Anna Maria miró las calzas marrón que envolvían sus piernas, sorprendida de la agradable sensación de andar libre de sus faldas, y sorprendió a su hermana mirándola. Llevaban un rato sentadas una frente a la otra, en silencio; el mismo lapso desde que enviaran al valet de su hermano para ver si encontraba el falucho. Pero no se escuchaba nada y desde donde estaban no alcanzaban a ver ni un solo mástil ni vela. La risa había dado paso al silencio y este a la angustia. Las sombras de las copas de los árboles se hicieron largas. Pronto oscurecería y no había señales ni del criado ni del barco. Sin luz no podrían salir del puerto, por lo que tendrían que buscar un lugar donde pasar la noche. Escucharon un ruido y Ortensia se puso de pie, cargando las pistolas que traía a cada lado de la cadera.

—Aquí no podemos quedarnos. Pronto estaremos rodeadas de animales —dijo Anna Maria, poniéndose de pie.

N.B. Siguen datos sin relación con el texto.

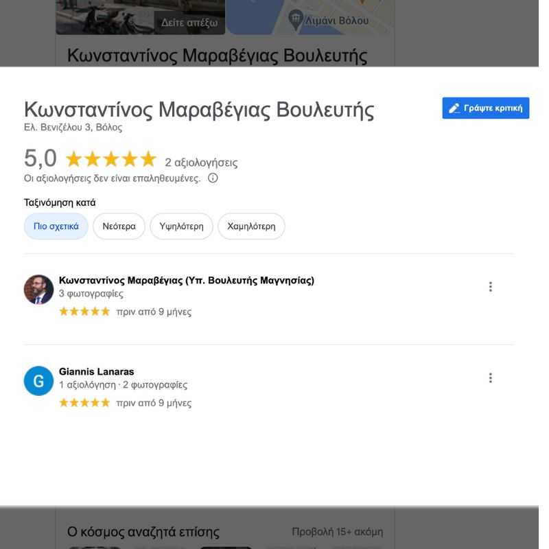 Μάλιστα, εκτός της άριστης κριτικής που έκανε ο ίδιος για τον εαυτό του, διατηρεί και επιχειρηματικό προφίλ στη Google, λες και η Βουλευτική ιδιότητα είναι επιχείρηση!
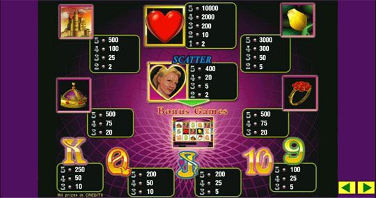 Игровой автомат Queen of Hearts – это пять барабанов и девять выигрышных линий. Независимо от Ваших желаний всегда вращается пять барабанов, а вот количество линий можно выбрать самостоятельно с помощью кнопки Line. Игра ведется жетонами номиналом в 0.10, 0.20, 0.50, 1, 2, 5 или 10 условных единиц. Размер ставки варьируется от 1 до 100 жетонов. Установите кнопкой Bet необходимую ставку или нажимайте на Max Bet (игра на максимальной ставке). Чтобы сердца и любовные символы начали кружиться в танце, нажимайте на клавишу Spin.

—Será fácil hallar una habitación para dos jóvenes mozos y sus criados —dijo Ortensia, ajustándose el sombrero. Quería aparentar calma, pero su voz era muy aguda.

Anna Maria se mordió los labios. A esa hora, el cochero ya habría vuelto a Roma y su marido no tardaría en enterarse de que se había escapado. ¡Menuda escapada! Seguían allí, sin barco ni habitación para pasar la noche, y sin comer. Conocía a su marido. Lorenzo Onofrio Colonna tampoco tardaría en ordenar al alguacil y a toda la guardia de Roma y Civita Vecchia que las buscaran. Hizo el movimiento de recoger sus faldas, cuando se dio cuenta de que no las traía. Sonrió. Usar calzas era una agradable novedad. Se caló el sombrero cuidando que no se escapara ninguno de sus rizos por las orillas y echó a andar detrás de su hermana. Una cosa era ser fugitiva y otra dormir en un bosque lleno de animales. Dos jóvenes mozos vestidos del color del atardecer y envueltos en sendas capas no llamaron la atención de ninguno de los escasos paseantes que aún rondaban las calles a la hora en la que se encendían las primeras teas en las casas principales del puerto.

 

 

La princesa Colonna no apartaba la vista de la Rocca, que se iba haciendo pequeña, lo mismo que la torre de la chiesa de San Francisco de Asís. Ambos puntos ya eran más pequeños que sus uñas, pero no podía mirar hacia otro lado, como si un hilo invisible la sujetara. Tampoco separaba las manos de su pecho, porque sentía una piedra oprimiéndole las costillas. O tal vez fueran las joyas que traía cosidas dentro del jubón y debajo de la camisa, que además de disimular la preciosa carga le daba un cuerpo plano, fornido y una cintura ancha de varón. O eso quería creer.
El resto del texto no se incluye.